◆ **Given data**
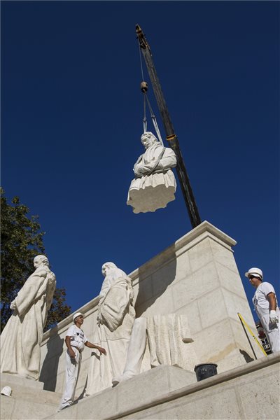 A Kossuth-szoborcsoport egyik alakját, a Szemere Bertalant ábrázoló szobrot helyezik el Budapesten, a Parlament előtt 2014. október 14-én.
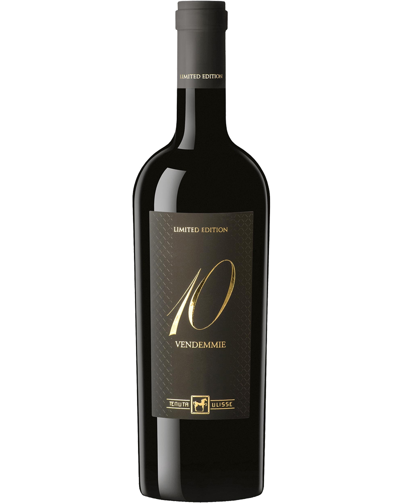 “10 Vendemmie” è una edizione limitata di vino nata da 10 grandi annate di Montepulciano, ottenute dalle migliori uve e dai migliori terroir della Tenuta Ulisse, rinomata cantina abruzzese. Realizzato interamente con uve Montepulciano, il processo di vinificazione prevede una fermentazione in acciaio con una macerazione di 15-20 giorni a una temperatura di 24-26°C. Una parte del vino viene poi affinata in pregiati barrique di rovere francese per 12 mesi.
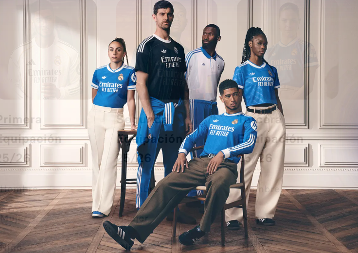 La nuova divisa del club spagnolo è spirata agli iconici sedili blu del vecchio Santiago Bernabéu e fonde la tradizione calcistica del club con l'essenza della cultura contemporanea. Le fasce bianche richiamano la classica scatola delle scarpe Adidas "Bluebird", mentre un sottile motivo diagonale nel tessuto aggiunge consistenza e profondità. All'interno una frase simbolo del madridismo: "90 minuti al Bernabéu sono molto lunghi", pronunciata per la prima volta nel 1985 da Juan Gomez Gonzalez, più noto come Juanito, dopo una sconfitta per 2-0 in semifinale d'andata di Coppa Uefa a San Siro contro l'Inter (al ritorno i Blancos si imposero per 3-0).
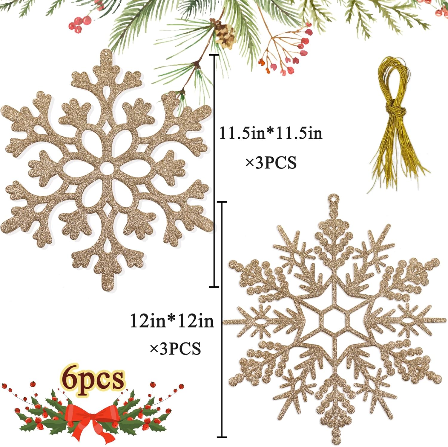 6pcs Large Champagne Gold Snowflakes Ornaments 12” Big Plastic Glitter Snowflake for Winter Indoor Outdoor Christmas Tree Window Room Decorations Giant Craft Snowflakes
* * *
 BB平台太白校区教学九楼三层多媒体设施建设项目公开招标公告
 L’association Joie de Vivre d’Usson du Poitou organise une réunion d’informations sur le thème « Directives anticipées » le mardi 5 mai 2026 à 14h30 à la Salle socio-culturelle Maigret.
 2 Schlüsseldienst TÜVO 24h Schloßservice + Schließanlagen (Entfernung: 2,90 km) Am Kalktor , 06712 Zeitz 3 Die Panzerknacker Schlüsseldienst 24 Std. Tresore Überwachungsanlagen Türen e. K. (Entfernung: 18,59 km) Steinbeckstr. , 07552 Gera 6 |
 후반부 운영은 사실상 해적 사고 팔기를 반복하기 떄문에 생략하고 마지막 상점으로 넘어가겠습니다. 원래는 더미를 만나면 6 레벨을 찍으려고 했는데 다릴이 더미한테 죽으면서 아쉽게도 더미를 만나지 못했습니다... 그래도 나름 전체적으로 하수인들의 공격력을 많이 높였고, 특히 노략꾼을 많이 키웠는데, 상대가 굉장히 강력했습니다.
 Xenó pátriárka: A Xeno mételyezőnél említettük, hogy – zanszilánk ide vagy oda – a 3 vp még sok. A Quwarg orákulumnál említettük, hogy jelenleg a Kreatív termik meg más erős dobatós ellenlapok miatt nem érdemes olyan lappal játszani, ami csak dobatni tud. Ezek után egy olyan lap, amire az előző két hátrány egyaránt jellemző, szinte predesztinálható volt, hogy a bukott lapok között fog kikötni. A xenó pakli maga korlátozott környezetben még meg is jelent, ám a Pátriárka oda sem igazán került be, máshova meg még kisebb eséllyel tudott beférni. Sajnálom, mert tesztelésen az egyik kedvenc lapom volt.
...
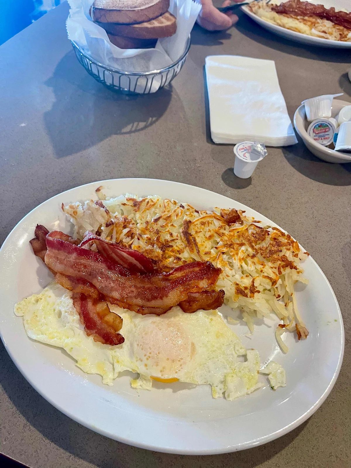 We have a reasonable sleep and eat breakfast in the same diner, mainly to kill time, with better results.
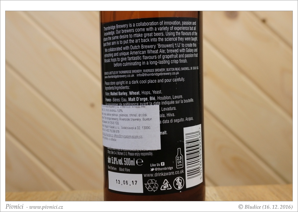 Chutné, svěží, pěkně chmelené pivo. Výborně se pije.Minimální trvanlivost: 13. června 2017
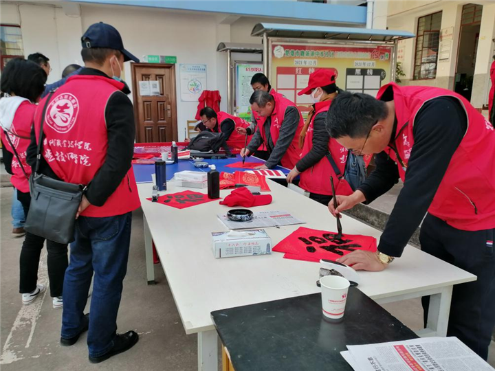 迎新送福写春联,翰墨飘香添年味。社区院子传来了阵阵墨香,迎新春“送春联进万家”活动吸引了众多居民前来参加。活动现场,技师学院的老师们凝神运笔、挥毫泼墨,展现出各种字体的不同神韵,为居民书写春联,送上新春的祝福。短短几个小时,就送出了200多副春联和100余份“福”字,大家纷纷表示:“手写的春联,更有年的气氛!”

◆ **What is required**
Look above for the line holding "BB平台太白校区教学九楼三层多媒体设施建设项目公开招标公告". Print it and every line after it, exactly, through the line holding "Xenó pátriárka: A".

◆ **Response box**
 BB平台太白校区教学九楼三层多媒体设施建设项目公开招标公告
 L’association Joie de Vivre d’Usson du Poitou organise une réunion d’informations sur le thème « Directives anticipées » le mardi 5 mai 2026 à 14h30 à la Salle socio-culturelle Maigret.
 2 Schlüsseldienst TÜVO 24h Schloßservice + Schließanlagen (Entfernung: 2,90 km) Am Kalktor , 06712 Zeitz 3 Die Panzerknacker Schlüsseldienst 24 Std. Tresore Überwachungsanlagen Türen e. K. (Entfernung: 18,59 km) Steinbeckstr. , 07552 Gera 6 |
 후반부 운영은 사실상 해적 사고 팔기를 반복하기 떄문에 생략하고 마지막 상점으로 넘어가겠습니다. 원래는 더미를 만나면 6 레벨을 찍으려고 했는데 다릴이 더미한테 죽으면서 아쉽게도 더미를 만나지 못했습니다... 그래도 나름 전체적으로 하수인들의 공격력을 많이 높였고, 특히 노략꾼을 많이 키웠는데, 상대가 굉장히 강력했습니다.
 Xenó pátriárka: A Xeno mételyezőnél említettük, hogy – zanszilánk ide vagy oda – a 3 vp még sok. A Quwarg orákulumnál említettük, hogy jelenleg a Kreatív termik meg más erős dobatós ellenlapok miatt nem érdemes olyan lappal játszani, ami csak dobatni tud. Ezek után egy olyan lap, amire az előző két hátrány egyaránt jellemző, szinte predesztinálható volt, hogy a bukott lapok között fog kikötni. A xenó pakli maga korlátozott környezetben még meg is jelent, ám a Pátriárka oda sem igazán került be, máshova meg még kisebb eséllyel tudott beférni. Sajnálom, mert tesztelésen az egyik kedvenc lapom volt.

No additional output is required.